What’s not a surprise is that investors panicked. Sophisticated Wall Street trading instruments that are opaque to the investing masses and risk of hedge fund failures rippling through the market are flash points for past crashes, from Long-Term Capital Management to the subprime mortgage crisis.

There will always be new market risks. Others, though, should be easier to spot coming. Inflation, for example, which is a classic market bogeyman.

“The arithmetic makes it plain that inflation is a far more devastating tax than anything that has been enacted by our legislatures,” Warren Buffett once wrote. “The inflation tax has a fantastic ability to simply consume capital. ... If you feel you can dance in and out of securities in a way that defeats the inflation tax, I would like to be your broker — but not your partner.”

Warren Buffett and the worst inflation

Buffett lived and invested through some of the worst inflation ever in the 1970s. And before the 2008 crash, he warned that $4 gasoline was a not a good sign for anyone. But he also warned that the Fed’s printing of unlimited money after the crash would have unintended consequences.

Buffett has more recently said, no economics textbook of the past 100 years can explain this market.

“Frankly we welcome slightly higher, somewhat higher inflation, Powell said after the Fed’s most recent FOMC meeting.

Inflation is coming.

“We will see higher comps soon,” Colas said. “Powell talked about how a resurgence in consumer spending might drive inflation.

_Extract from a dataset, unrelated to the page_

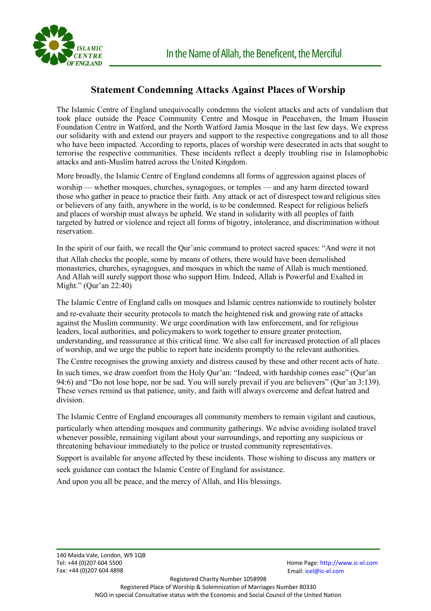 The Islamic Centre of England has issued a formal statement condemning the recent Islamophobic attacks targeting several places of worship across the United Kingdom, including the Peace Community Centre and Mosque in Peacehaven, the Imam Hussein Foundation Centre in Watford, and the North Watford Jamia Mosque.

The back half of the year we will see consumer inflation higher. ... Powell acknowledged that.”

And in some ways, the setup for inflation is similar to that dark period of the 1970s when Buffett and so many other investors of older generations became permanently afraid of its power.

There are some inflation indicators that investors should keep in mind. Gold demand is one.

Traditional currency markets are also to be watched. In the 1970s .....

To read this article in CNBC financial website in its entirety, click here.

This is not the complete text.